• [Assigned task]
Under this line are records; the part from the line containing "Stearin-Teelichter von Kerzenfarm" through the line containing "御(11画)手(4画)洗(10画) 恵(12画)里(7画)菜(12画)" should be repeated exactly. Please exclude pictures.

• [Material to process]
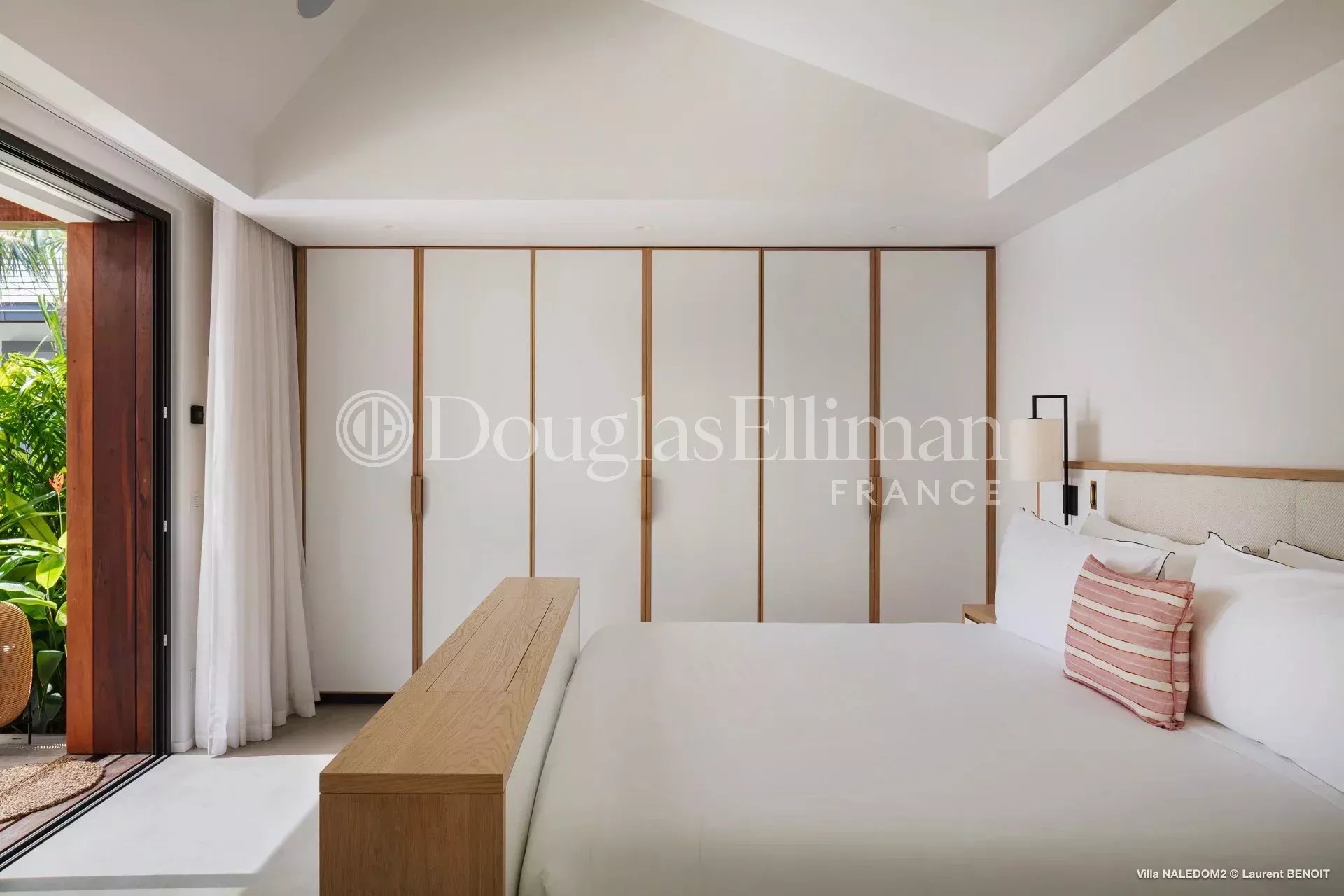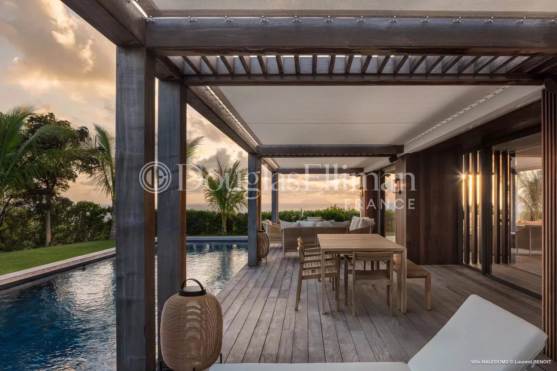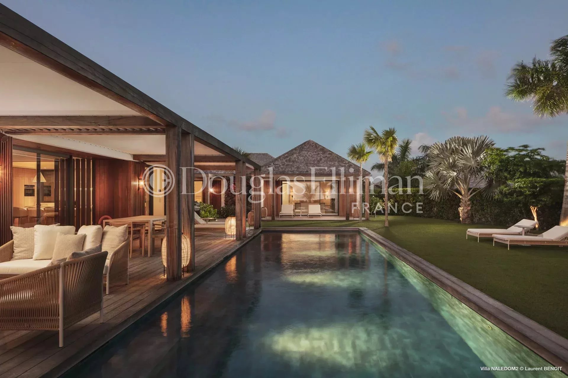 Outside, a meticulously landscaped tropical garden surrounds a large swimming pool, creating a serene and refined atmosphere.
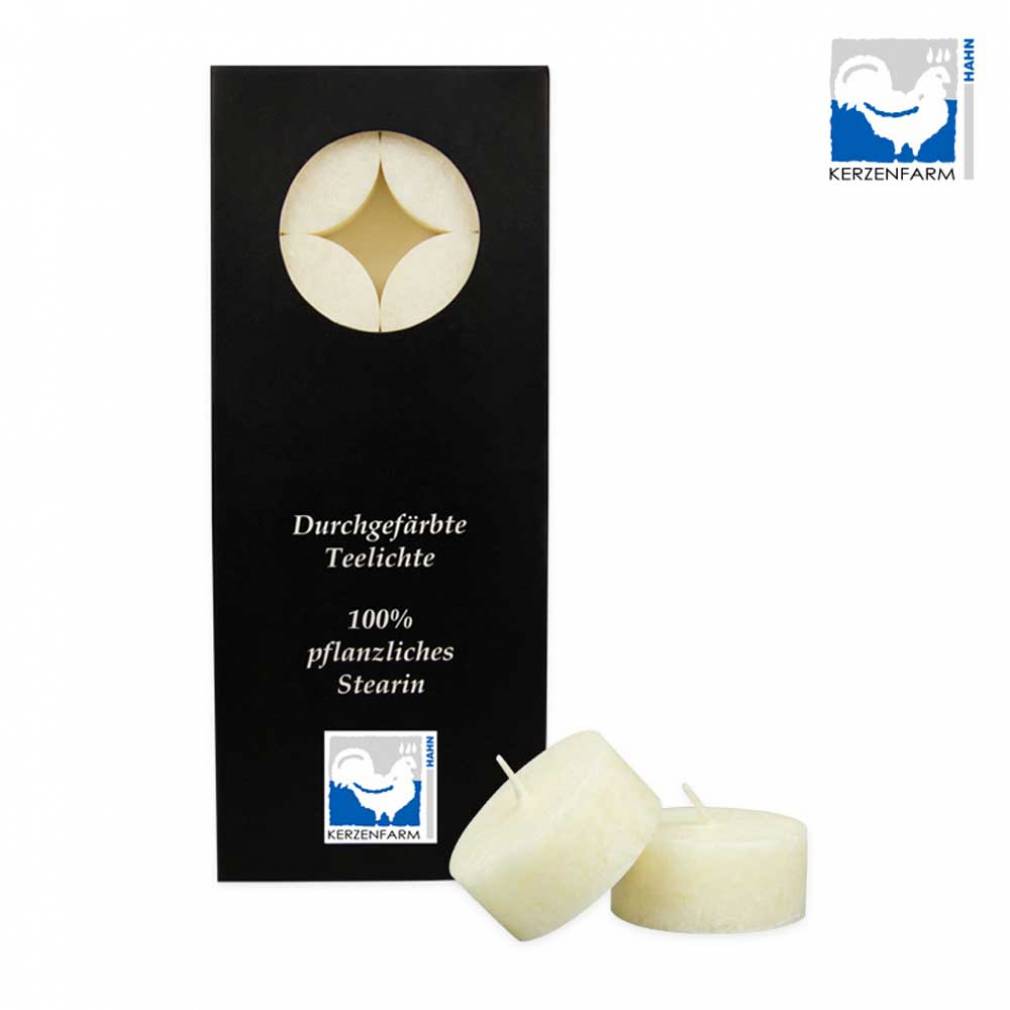 Stearin-Teelichter von Kerzenfarm Hahn in tollen Farben und eleganter schwarzen Geschenkpackung aus 100% pflanzlichen Stearin.
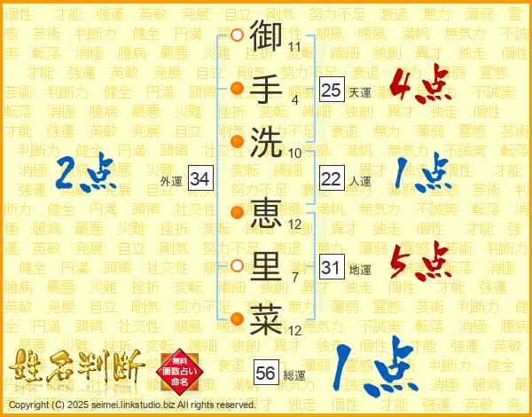 御(11画)手(4画)洗(10画) 恵(12画)里(7画)菜(12画)
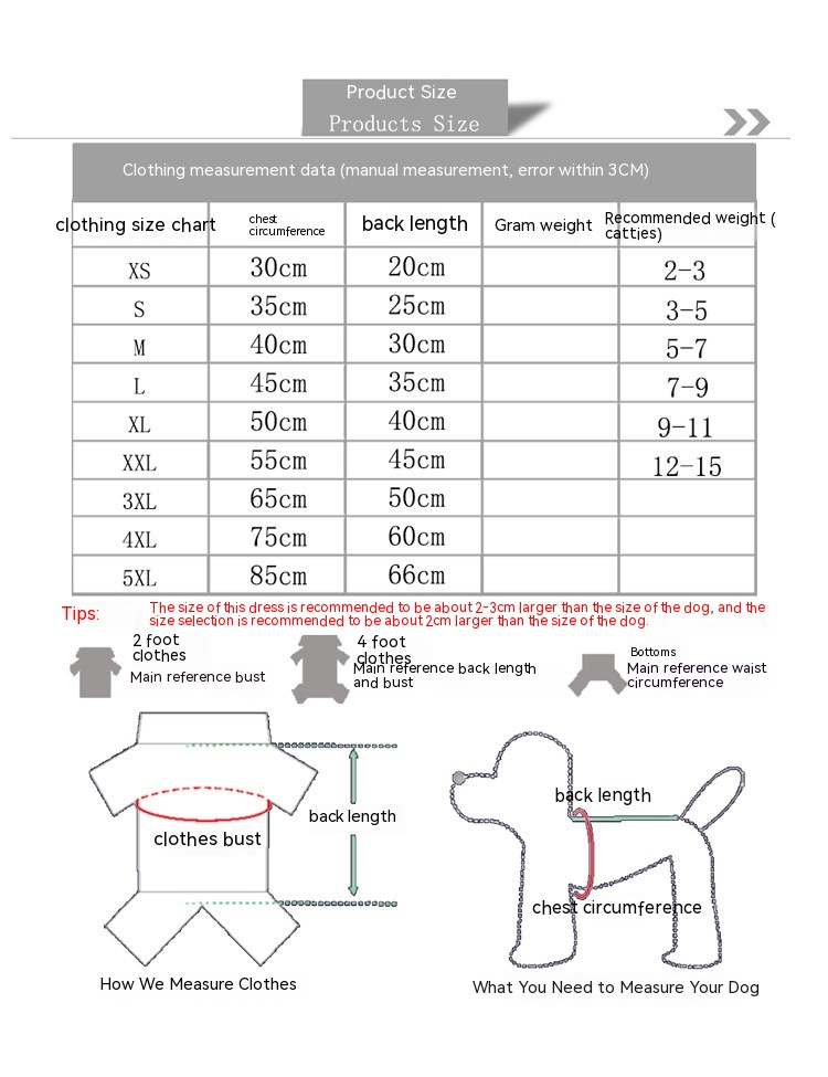 Size: XS (about 1.00 kilograms-1.50 kilograms of pets),S (about 1.50 kilograms-2.50 kilograms of pets),M (about 2.50 kilograms-3.50 kilograms of pets)),L (about 3.50kg-4.50kg pet),XL (about 4.50kg-5.50kg pet),2XL (about 6.00kg-8.00kg pet),3XL (about 8.00kg-15.00kg pet),4XL (about 15.00kg-25.00kg pet),5XL (about 25.00kg-40.00kg pet))
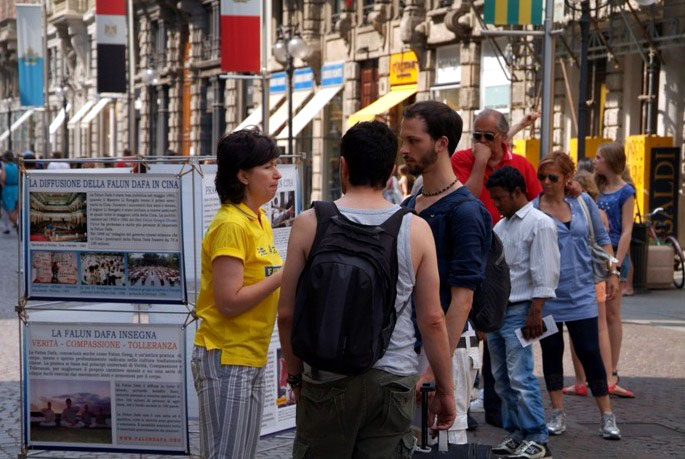 二零一三年七月二十日,意大利法轮功学员在米兰市中心集会,揭露中共的迫害。很多游客都主动上前了解详情,签名反对中共活摘法轮功学员器官的罪行。
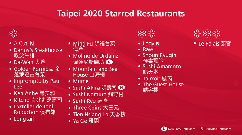 新出爐的台北米其林餐廳指南中,共有4間餐廳獲得星級肯定,其中目前台灣唯一一家三星餐廳的高人氣「頤宮」中餐廳,這回三連霸勇奪米其林三星,晉升二星的則是主打義法歐式料理的「logy」,老字號牛排「A Cut」今年由餐盤推薦晉升為一星,而新入選一星的餐廳分別有「渥達尼斯磨坊(Molino de Urdániz)」以及「明壽司(Sushi Akira)」。
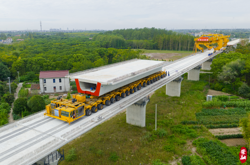 横跨崇明岛的沪渝蓉高铁崇明特大桥目前正处于预制箱梁架设阶段。截至9月11日上午,大桥上海方向预制箱梁架设正式突破5公里,标志着该项目桥面系施工进入加速推进阶段。
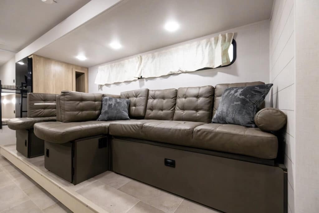 Its 3-in-1 versatility is seldom matched in RV furniture design. It boasts three distinct arrangements: Dining Mode, Movie Mode, and Sleep Mode. The removable central backrest is key to this convertibility. It allows you to flip from a four-person dinette with a jackknife sofa (Dining Mode) to a two-person dinette and a massive chaise lounge (Movie Mode). And for Sleep Mode, remove the backrest, drop down the dining table, and fold out the sofa to create an enormous sleeping space spanning nearly the entire length of the slide room. The best part? Converting between these modes takes less than 60 seconds.
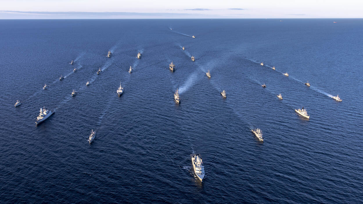 Fraaie overzichtsfoto van diverse schepen die deelnemen aan de oefening Baltic Operations (BALTOPS) 2023. Meer dan zesduizend militairen en tal van schepen uit 21 landen zorgen tot en met vandaag voor een grote militaire aanwezigheid in de Baltische regio. Met de oefening verbetert de NAVO de flexibiliteit en interoperabiliteit. Daarnaast demonstreert het bondgenootschap zijn collectieve vermogen om controle op zee te hebben met een zeer effectieve maritieme component. (foto: U.S. Marine Corps, staff Sgt. Shawn Coover)
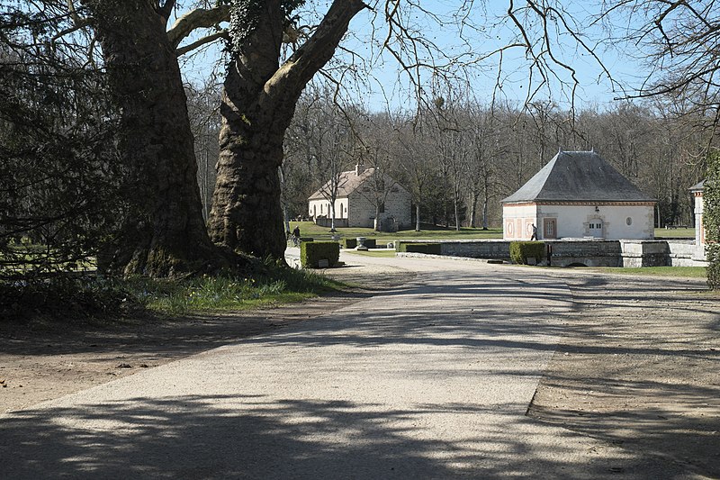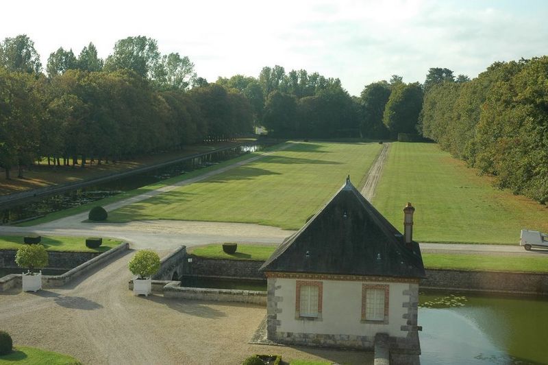 Le parc, clos de murs, est composé de pelouses et de bois et s’ouvre sur un réseau d’eau alimenté par la Source Saint-Sévère, de tradition néolithique, qui alimente le canal. Le parterre nord est fermé par une statue de Cérès et une statue de saint Joseph, œuvre de Fernand Py, se trouve dans les futaies près de la maison dite de d'Artagnan. Les archives anciennes ont été perdues à la Révolution ; les aménagements paysagers reflètent les modes successives : jardins clos médiévaux aux XVIe–XVIIe siècles, ordonnancement à la française à la fin du XVIIe siècle, percement de la perspective du canal, transformation à l’anglaise au XIXe siècle, puis, en 1930, le comte Blaise de Montesquiou a réintroduit un parc à la française avec la plantation de plus de 500 tilleuls, la mise en place d’ifs taupiers et de buis taillés.
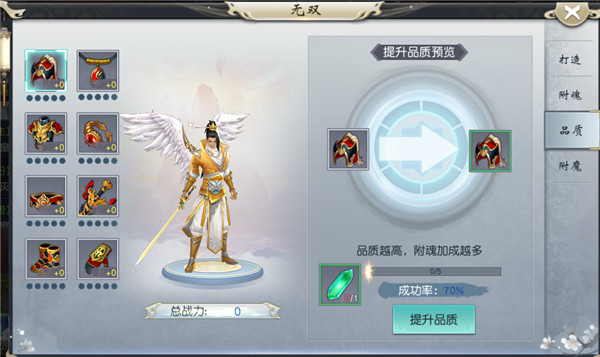 消耗灵石提升无双装备品质,品质由低到高依次为:白、绿、蓝、紫、橙、红。
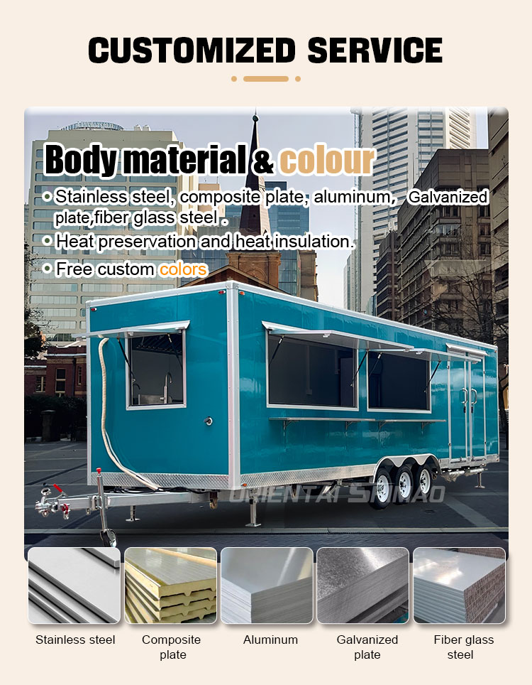 Zusätzliche Funktionen: Fügen Sie je nach Kundenwunsch weitere Zusatzfunktionen hinzu, z. B. Kühlung und Frischhaltung, Heizung und Wärmekonservierung, Wasserdichtigkeit und Anti-Elektrizität usw., um die Praktikabilität und Sicherheit des Imbisswagens zu verbessern.
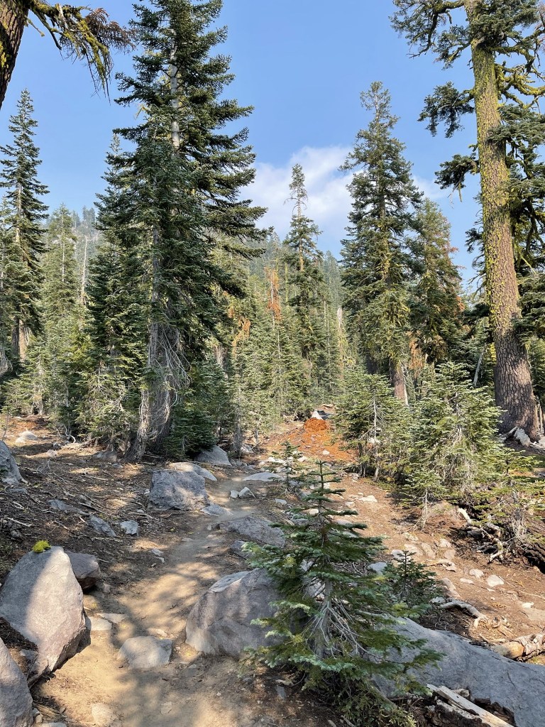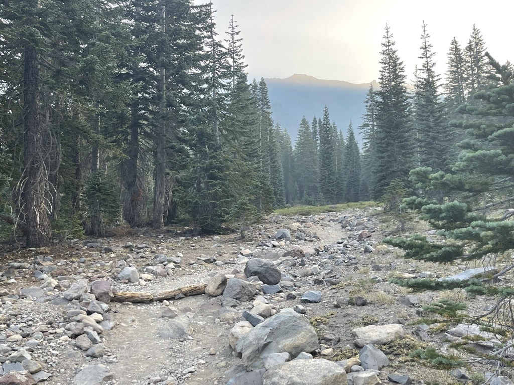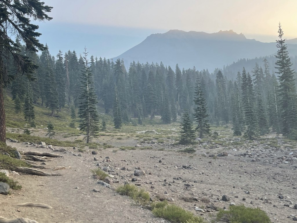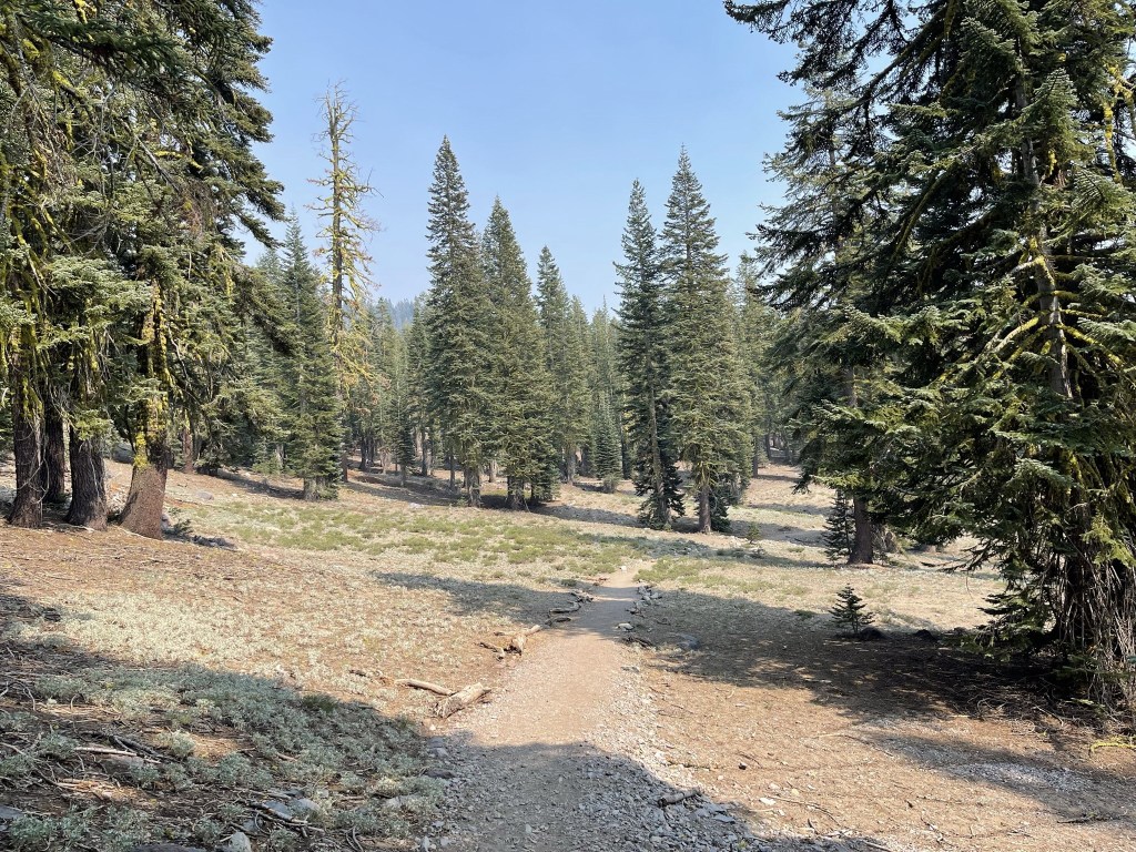 The smoke seemed to clear a little bit as a I descended. I passed a family of 4 day hiking to Hidden Valley at 8.7 miles. At 9.4 miles I reached Horse Camp again. I chatted with a lady there who said she was a Mount Shasta local. She was impressed when I told her I had climbed Shastina, and she also informed me that the entire national forest (as well as other national forests in Northern California) would be closing at the end of the weekend due to the extreme wildfire danger. I felt lucky the closures wouldn’t affect my trip at all.

• [Response area]
 Stearin-Teelichter von Kerzenfarm Hahn in tollen Farben und eleganter schwarzen Geschenkpackung aus 100% pflanzlichen Stearin.
 御(11画)手(4画)洗(10画) 恵(12画)里(7画)菜(12画)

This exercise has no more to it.